One exact copy of the listing, minus the images, is the required answer.

SUPPLIED MATERIAL:
::::::::::

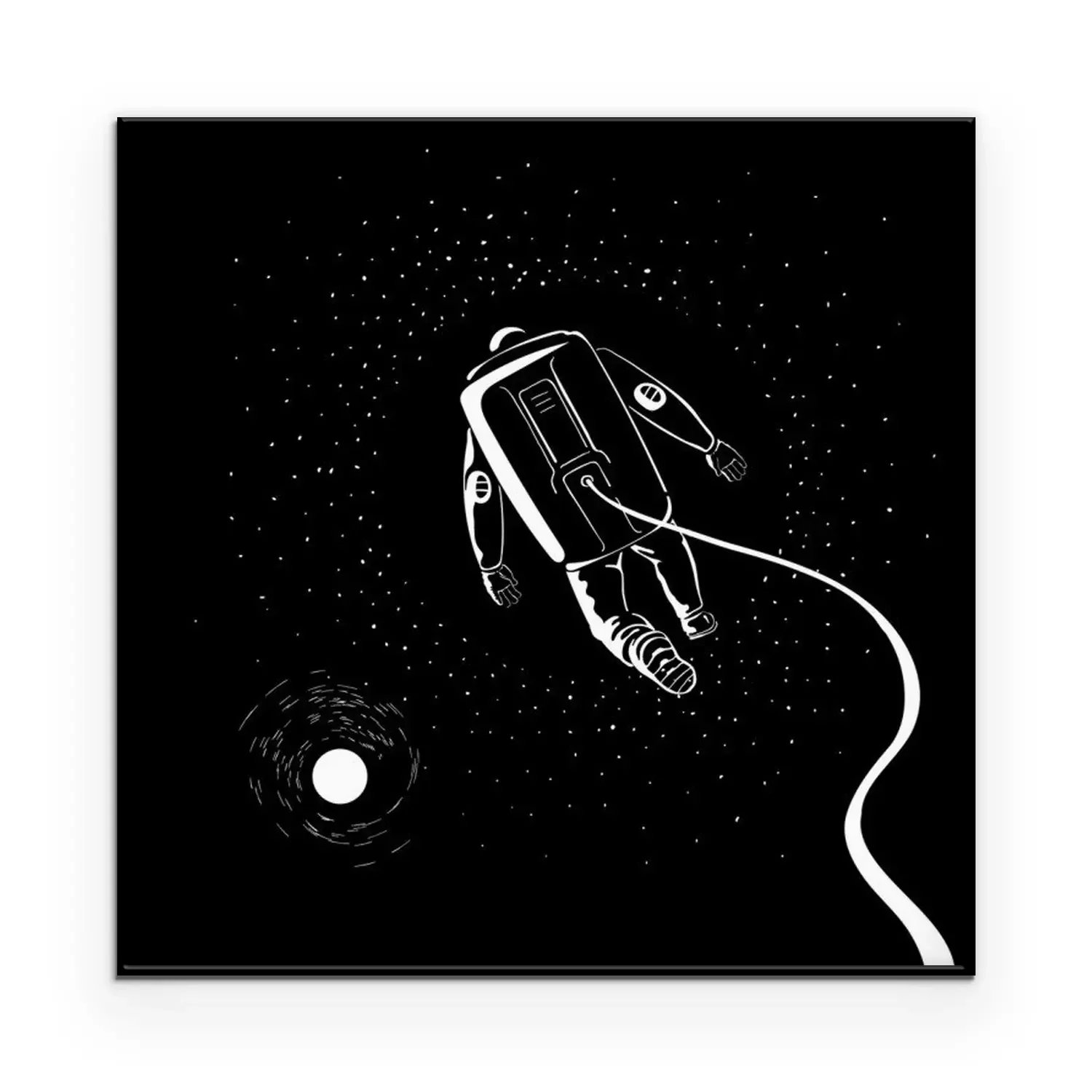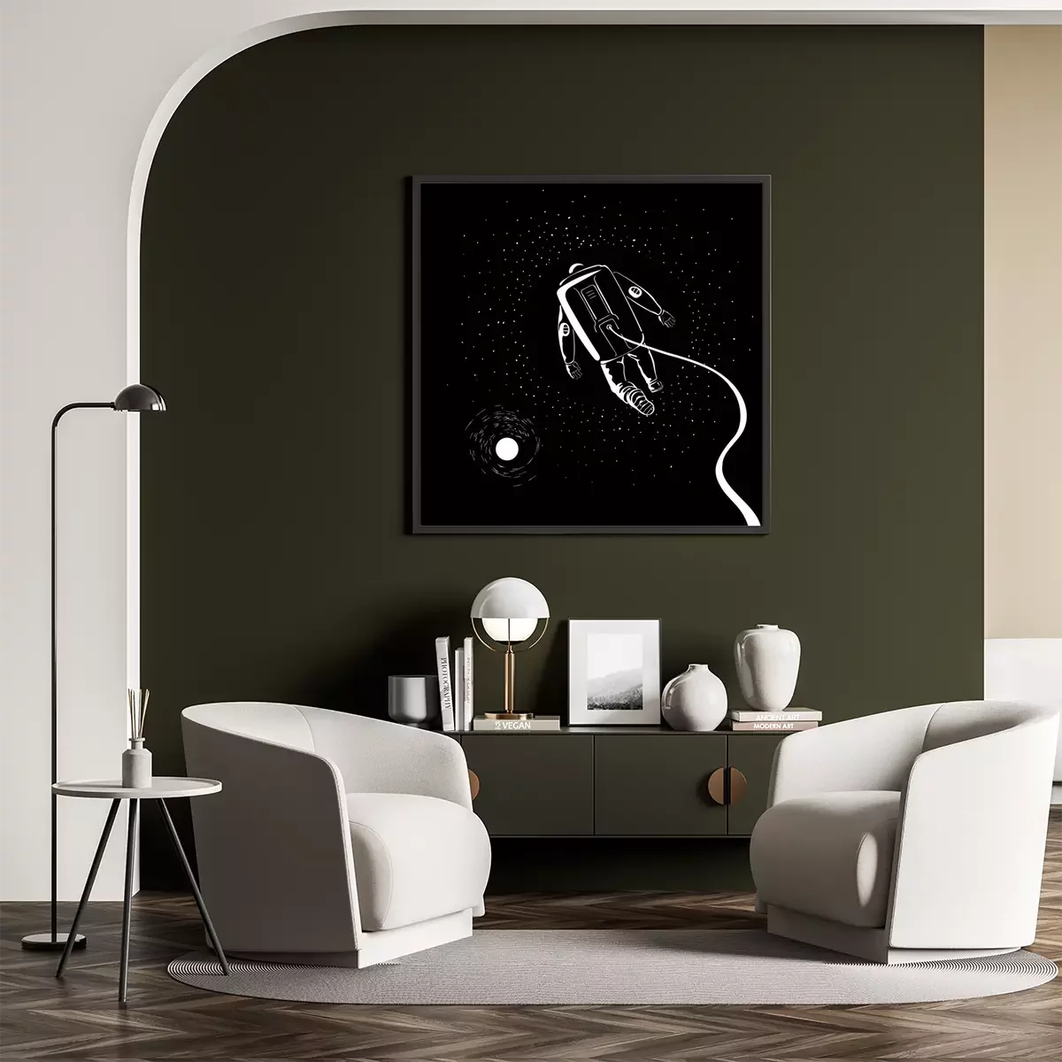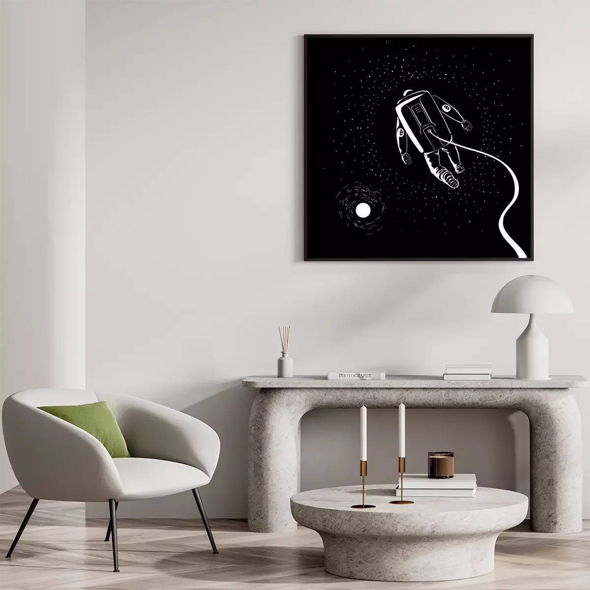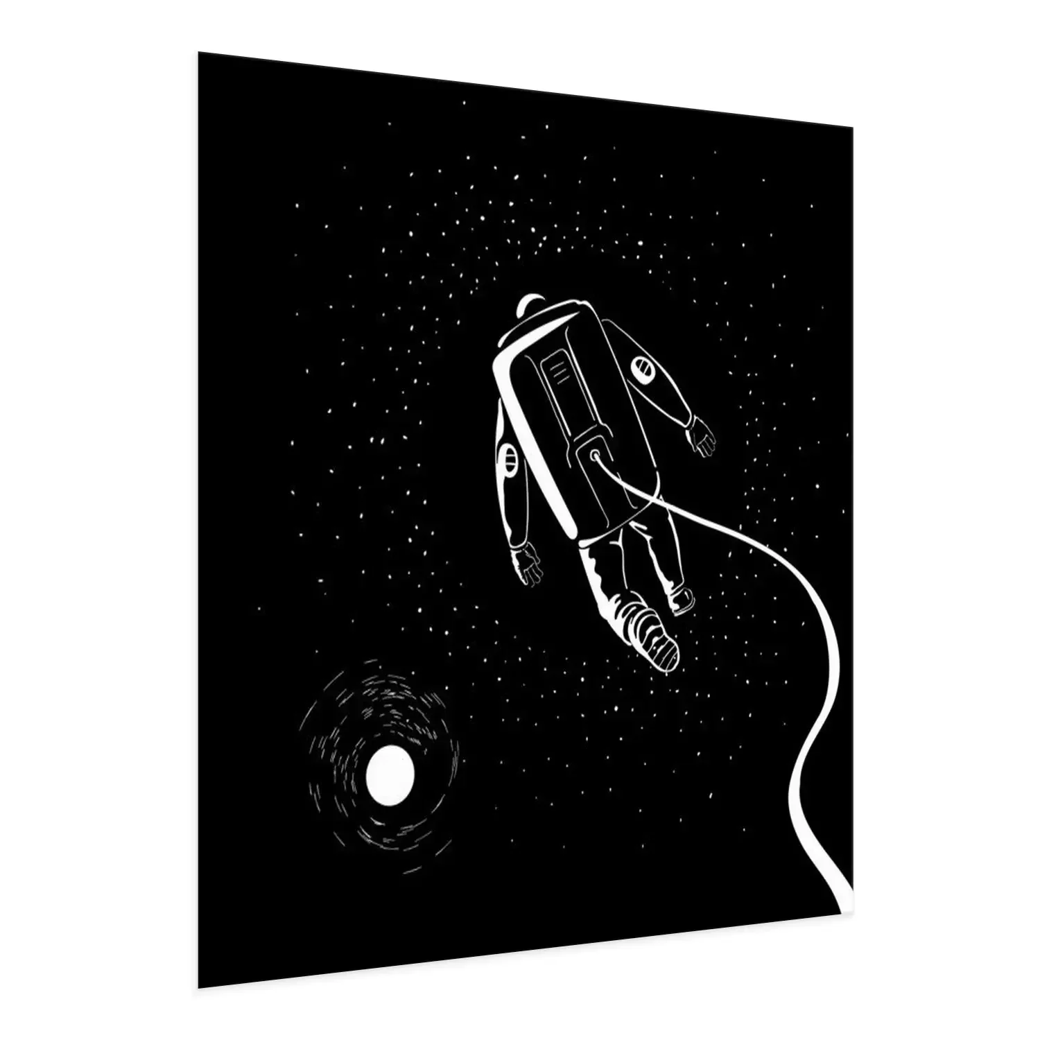 Poster: Hand drawn vector astronaut character. Spaceman wearing a space suit and flying in the cosmos
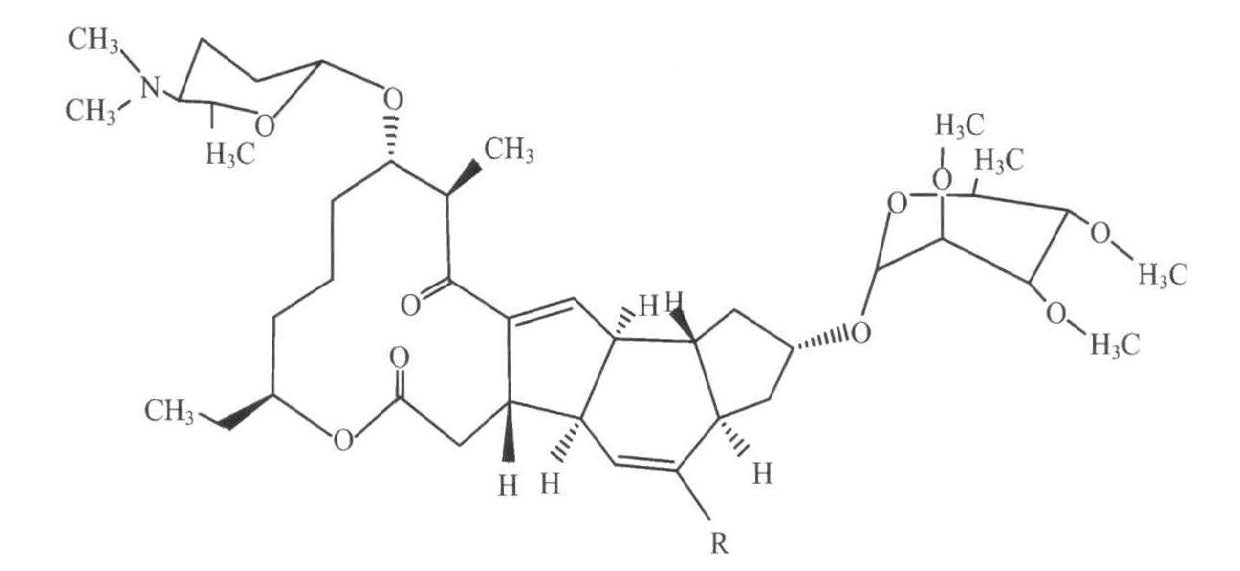 多杀菌素(spinosad)是放线菌刺糖多孢菌Saccharopolyspora spinosa有氧发酵的胞内次级代谢产物,其活性成分为多杀菌素A和多杀菌素D,均属于大环内酯类化合物。多杀菌素包含1个独特的四环结构,左右两端分别连接着福乐胺糖和鼠李糖,其结构式如图。
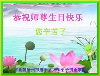 庆贺我们大法弟子的节日5.13的来临,恭祝师父生日快乐! 我们学法小组大法弟子怀着无比崇敬的心,恭祝慈悲伟大的师父生日快乐!师父您辛苦了!跪拜!跪拜!再跪拜! 在以后的时间里我们学法小组大法弟子一起,比学比修,互相提醒修好自己,救度更多的世人。 河北省沧州市东光县一学法小组大法弟子恭贺 河北省沧州市肃宁大法弟子携全家恭祝师尊生日快乐!
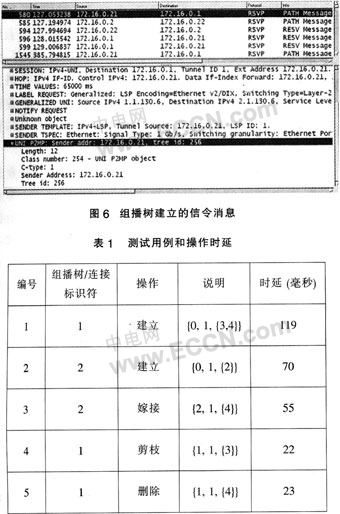 首先,為了評估經(jīng)過擴展后的控制平面與傳統(tǒng)的單播連接的兼容性,分別建立了一條從OXC 1出發(fā)的組播樹和單播連接,結(jié)果如表1所列。圖6顯示了Ethereal捕獲的組播樹建立的信令消息。在解開的Path消息中,可以發(fā)現(xiàn)經(jīng)過擴展的UNI組播對象。然后,對已存在的連接進行了動態(tài)的修改。在第三個測例中,一個葉子被添加到單播連接上并使其變?yōu)橐豢媒M播樹。在嫁接和剪枝的操作中,業(yè)務生成器在已建立的連接上沒有觀察到丟包的現(xiàn)象。

::::::::::

RESPONSE:
 Poster: Hand drawn vector astronaut character. Spaceman wearing a space suit and flying in the cosmos
 多杀菌素(spinosad)是放线菌刺糖多孢菌Saccharopolyspora spinosa有氧发酵的胞内次级代谢产物,其活性成分为多杀菌素A和多杀菌素D,均属于大环内酯类化合物。多杀菌素包含1个独特的四环结构,左右两端分别连接着福乐胺糖和鼠李糖,其结构式如图。
 庆贺我们大法弟子的节日5.13的来临,恭祝师父生日快乐! 我们学法小组大法弟子怀着无比崇敬的心,恭祝慈悲伟大的师父生日快乐!师父您辛苦了!跪拜!跪拜!再跪拜! 在以后的时间里我们学法小组大法弟子一起,比学比修,互相提醒修好自己,救度更多的世人。 河北省沧州市东光县一学法小组大法弟子恭贺 河北省沧州市肃宁大法弟子携全家恭祝师尊生日快乐!
 首先,為了評估經(jīng)過擴展后的控制平面與傳統(tǒng)的單播連接的兼容性,分別建立了一條從OXC 1出發(fā)的組播樹和單播連接,結(jié)果如表1所列。圖6顯示了Ethereal捕獲的組播樹建立的信令消息。在解開的Path消息中,可以發(fā)現(xiàn)經(jīng)過擴展的UNI組播對象。然后,對已存在的連接進行了動態(tài)的修改。在第三個測例中,一個葉子被添加到單播連接上并使其變?yōu)橐豢媒M播樹。在嫁接和剪枝的操作中,業(yè)務生成器在已建立的連接上沒有觀察到丟包的現(xiàn)象。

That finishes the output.